Like swatting away a handful of snowflakes swirling around me.

Laughably easy, like world champion fighters shouldn’t engage in a fight with two year olds easy, but I was too deep into the rage zone to make adjustments. To pull my hits just before they landed. To put a lull in the whirl of blows escaping from my body. To call surrender before I really hurt someone. I’d become the animal, the mama bear whose cub was threatened. I was merciless, unrestrained by a conscience, and out for blood.

The blood was splattered up to my elbows when a laugh cut through the almost silent room. It was a laugh that didn’t need a face. I would have recognized it a millennium away, it was that chilling. And menacing.

Pulling the punch that was aimed at the cheek hollow of the guy I was keeping trapped with a fistful of tee-shirt in my other hand, I shoved him away, knowing who I wanted to be taking all this rage out on was behind me. The poor kid slumped to the ground as soon as I let him go, joining eleven others that were being dragged from the makeshift fighting arena.

“Pretty boy can fight,” Ty’s voice snaked through the room. “Gotta say I didn’t see that one coming.” Another laugh, low and lazy—like he thought this unworthy of his attention—exploded into all the silent spaces of the room. “But I suppose the water boy could have done the same against a few guys that were so drunk they couldn’t locate their dicks to take a piss.”

I wasn’t sure when a dozen men became classified as a few. I must have missed that memo. “I see your manners are still as confused as your sexuality,” I said, grinning at him in mock innocence.

Ty Steel wasn’t a man who could take a joke, as was evident from the red hulk trembling before me. I’d learned from my psych course that a person sensitive to a personal jest was insecure and likely harbored a belief that he or she was exactly what the jest was implying. Was I to assume, given Ty’s reaction, that he was indeed confused about his sexuality? I didn’t really believe it, but man, it gave me a good laugh thinking about it.

The first valuable, real world application thing I’d learned in college.

“I have a strict no bitches policy allowed at my parties,” he said, breaking through the shoulder-to-shoulder circle around me. He was shirtless and fumbling with his belt. At first I thought it was because he was trying to take it off to use as a do-it-yourself weapon, but he was cinching it back on. A glance over his shoulder revealed the girl no boys’ mamas had met, hard at work adjusting her dress into the right spots of barely covering those spots. I didn’t think there was enough hate within me to loathe Ty more, but lo and behold, there was plenty.
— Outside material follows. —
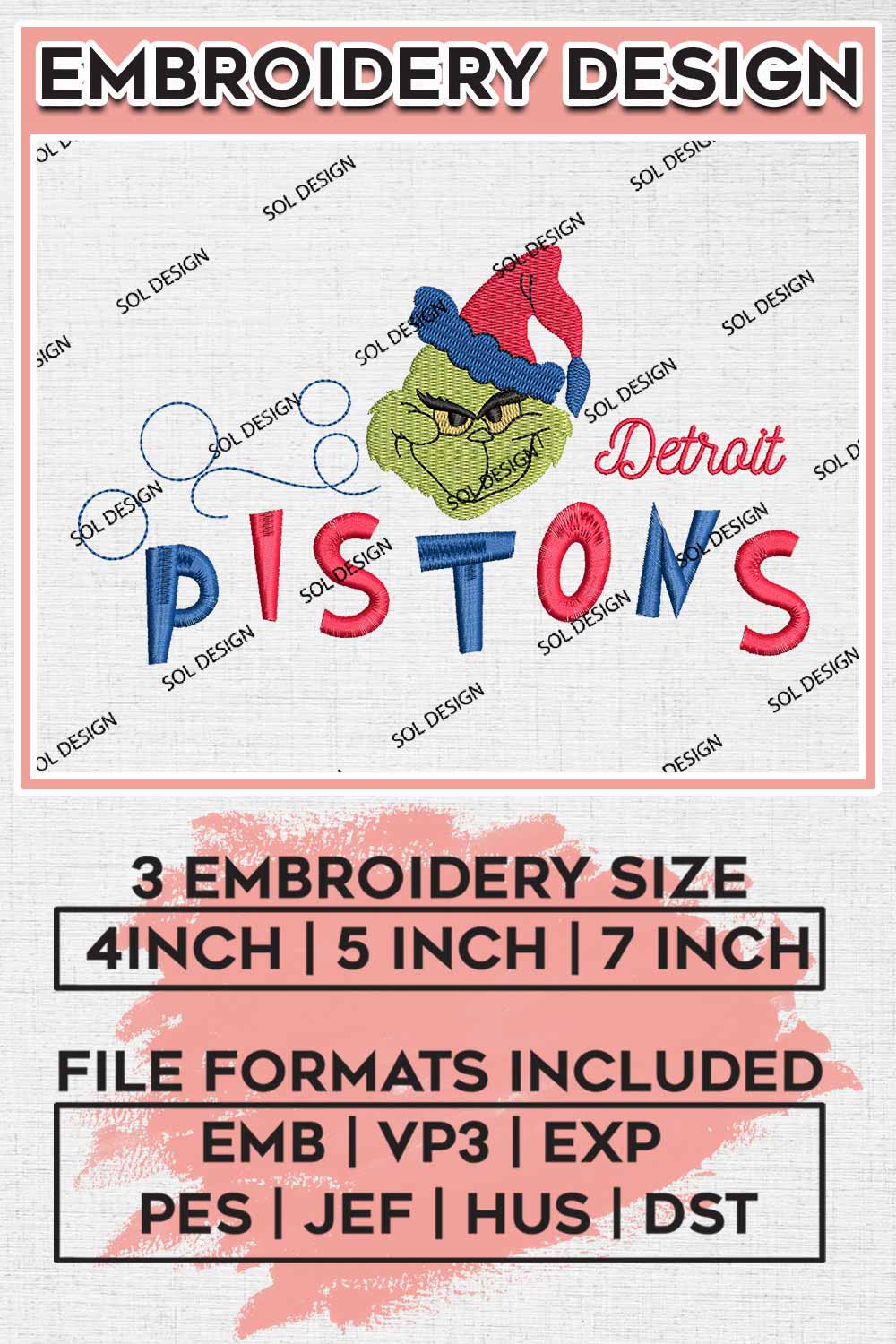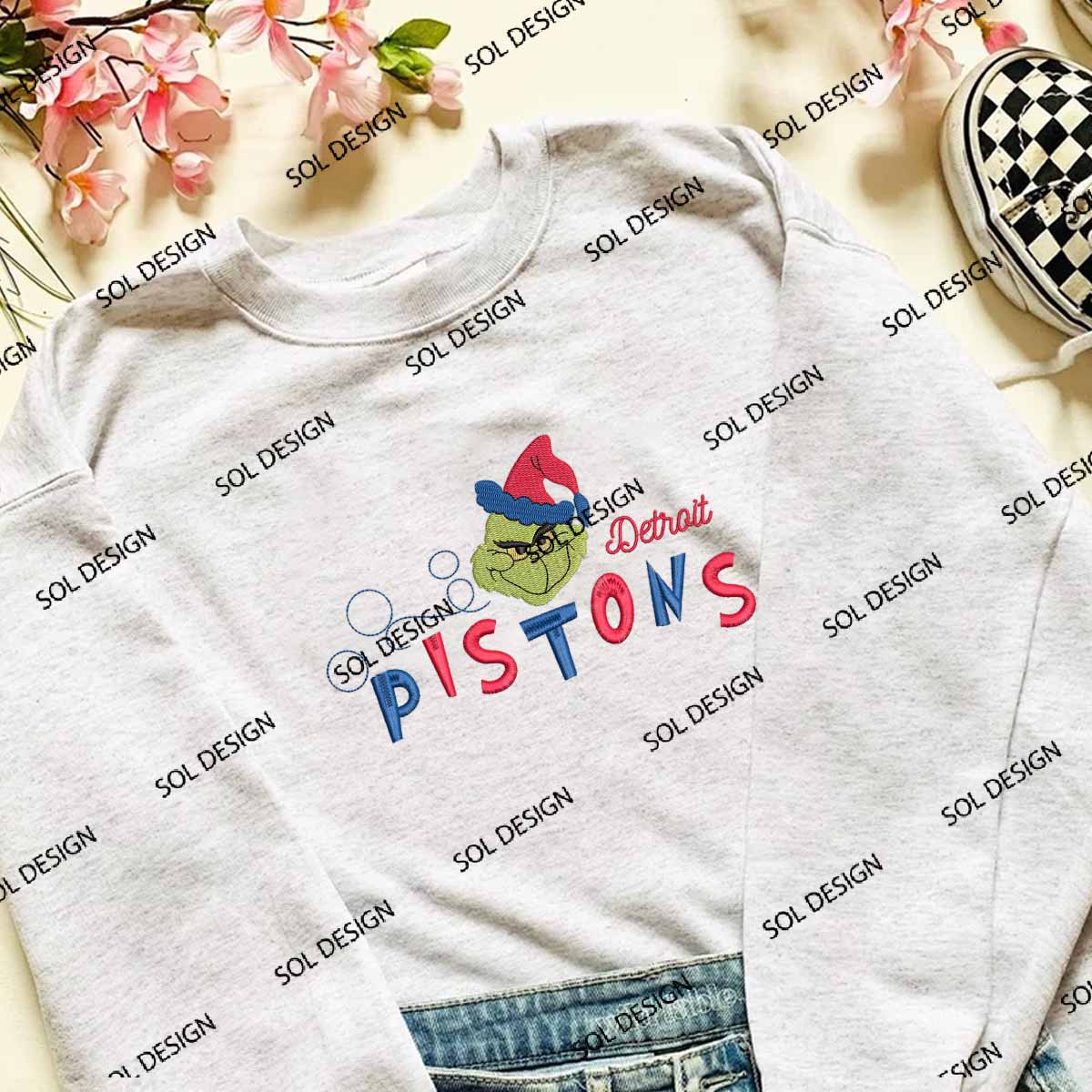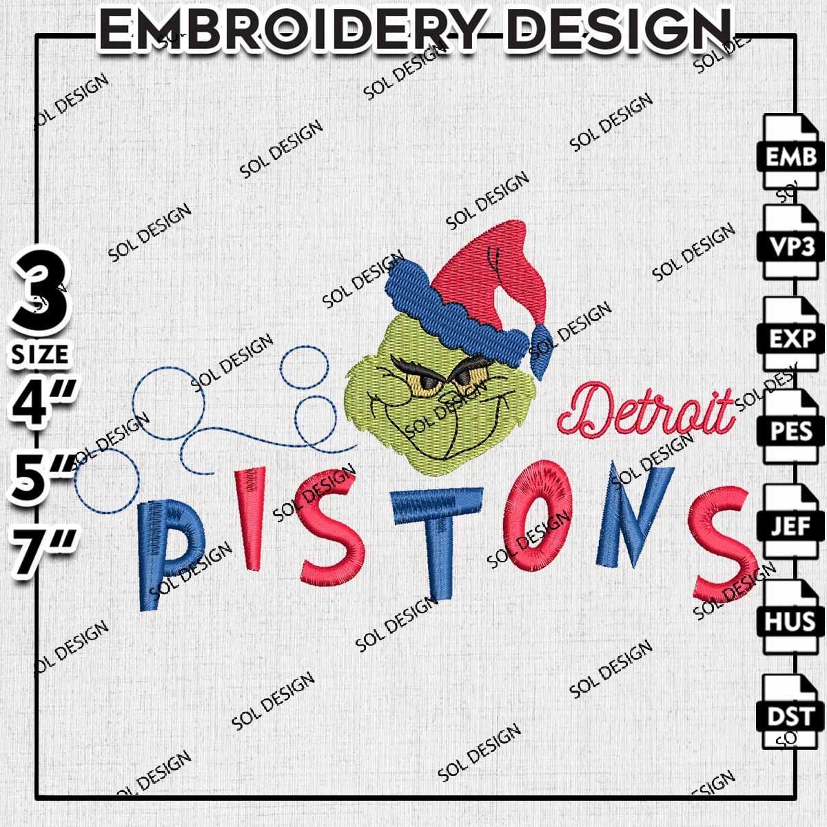 Christmas Grinch Face x Detroit Pistons NBA Basketball Team Embroidery Designs, Grinch Embroidery Files, NBA Pistons Basketball Team Logo Embroidery, Merry Christmas Machine Embroidery Design, Digital Download

I glanced over my shoulder at Emma and, while there was a selfish piece of me that wanted her to see the cheating monster of a boyfriend in front of her—still slicked in sweat, girl of questionable reputation flushed and panting behind him—but every other unselfish bone in my body hoped she’d missed it. Prayed she’d be looking any other direction but Ty’s.

Of course she wasn’t.

And instead of looking furious, or ready to crumble in tears, her face barely registered emotion. Staring at her boyfriend, freshly sated from someone other than his girlfriend, her eyes narrowed the teensiest bit, like she was nothing more than mildly irritated at his “indiscretion.”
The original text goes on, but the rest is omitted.